§ **What you have to do**
Your answer must be the exact lines from the one holding "① 8x 10/100/1000/2500/10G" through the last line of the records below, with no pictures.
------------
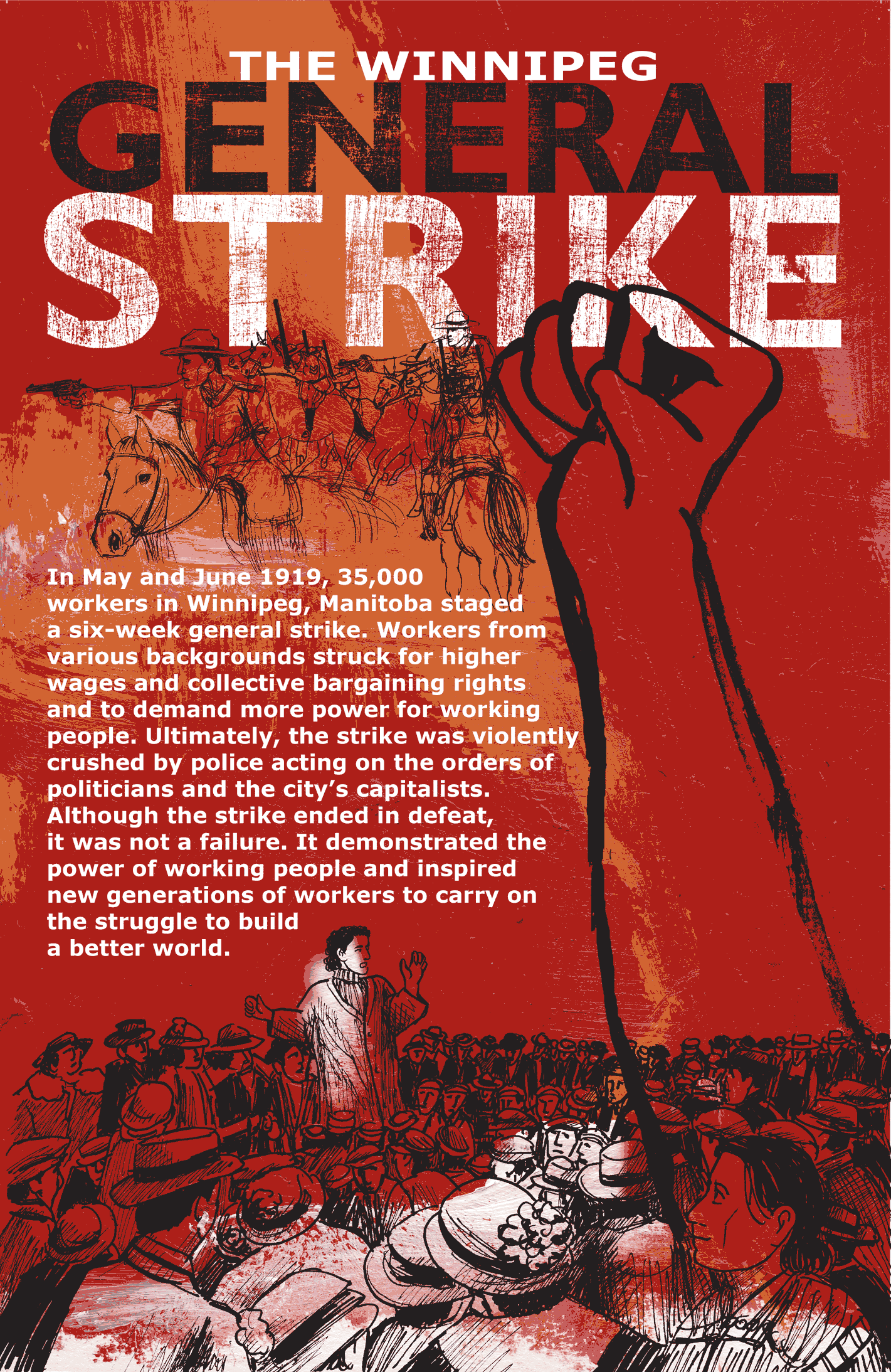In May and June 1919, 35,000 workers in Winnipeg, Manitoba staged a six-week general strike. Workers from various backgrounds struck for higher wages and collective bargaining rights and to demand more power for working people. Ultimately, the strike was violently crushed by police acting on the orders of politicians and the city’s capitalists. Although the strike ended in defeat, it was not a failure. It demonstrated the power of working people and inspired new generations of workers to carry on the struggle to build a better world.
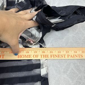 * Dark Navy Blue organza material alternating between sheer & opaque fabric stripes with white & gray floral pattern
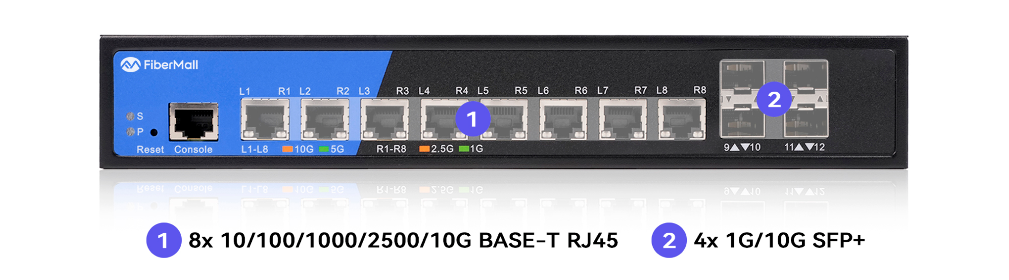 ① 8x 10/100/1000/2500/10G BASE-T ② 4x 1G/10G SFP+
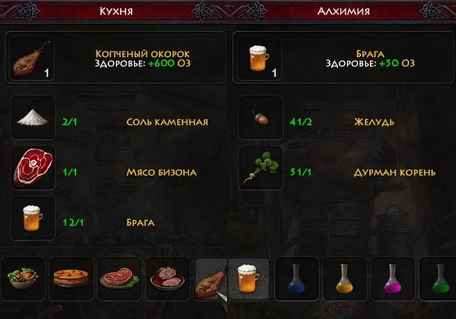 А вы всерьёз полагали, что герой станет побеждать боссов, питаясь «травками»?! Настоящему викингу нужно мясо! Приятного аппетита!
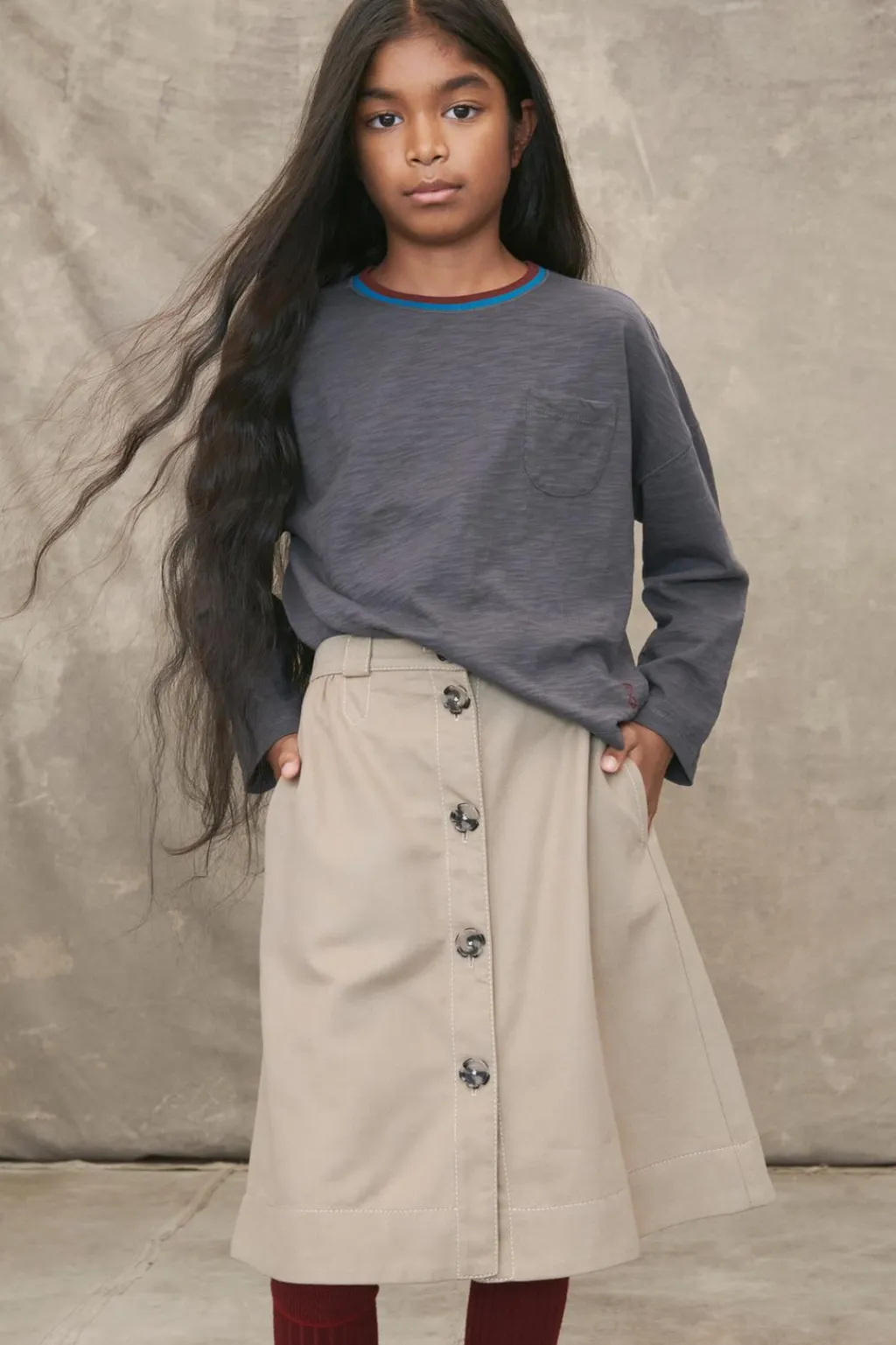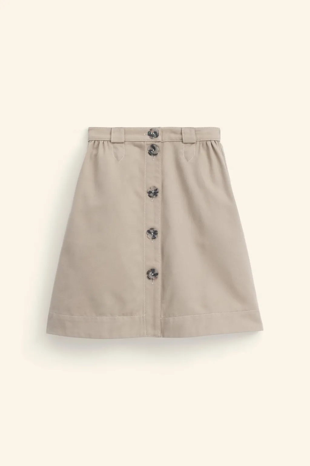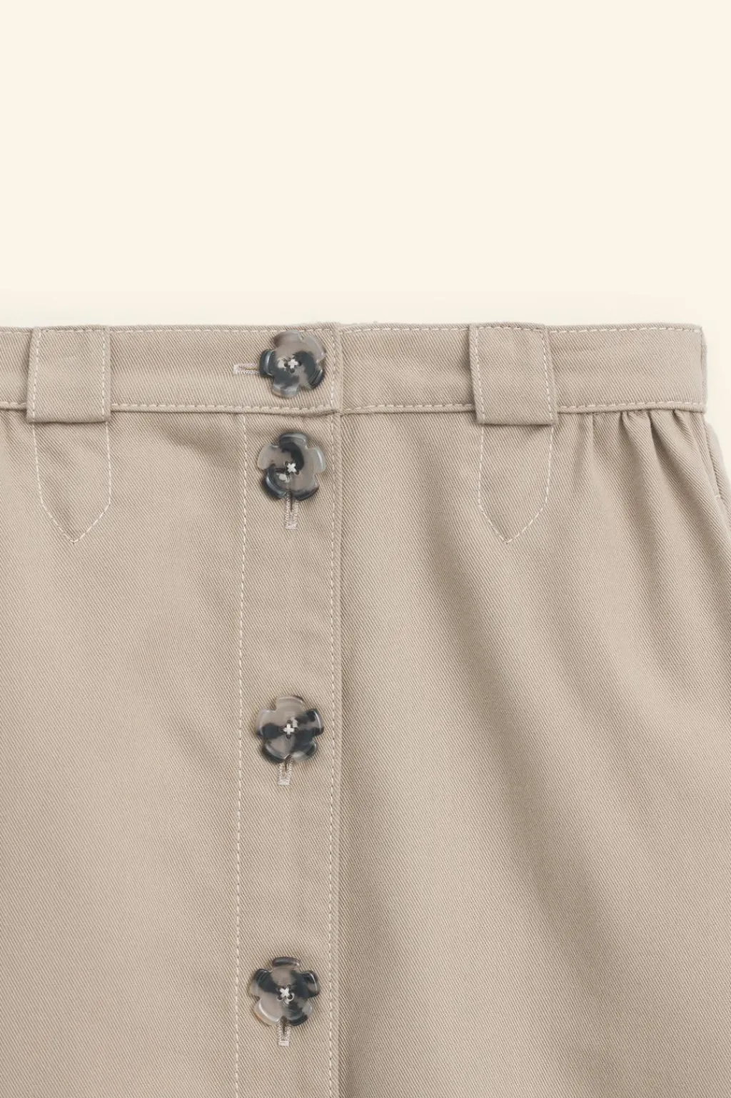 Falda tipo midi con cinturilla elástica en espalda y cierre botonadura frontal en forma de flor. Bolsillos en delantero.
------------
§ **Exercise output**
 ① 8x 10/100/1000/2500/10G BASE-T ② 4x 1G/10G SFP+
 А вы всерьёз полагали, что герой станет побеждать боссов, питаясь «травками»?! Настоящему викингу нужно мясо! Приятного аппетита!
 Falda tipo midi con cinturilla elástica en espalda y cierre botonadura frontal en forma de flor. Bolsillos en delantero.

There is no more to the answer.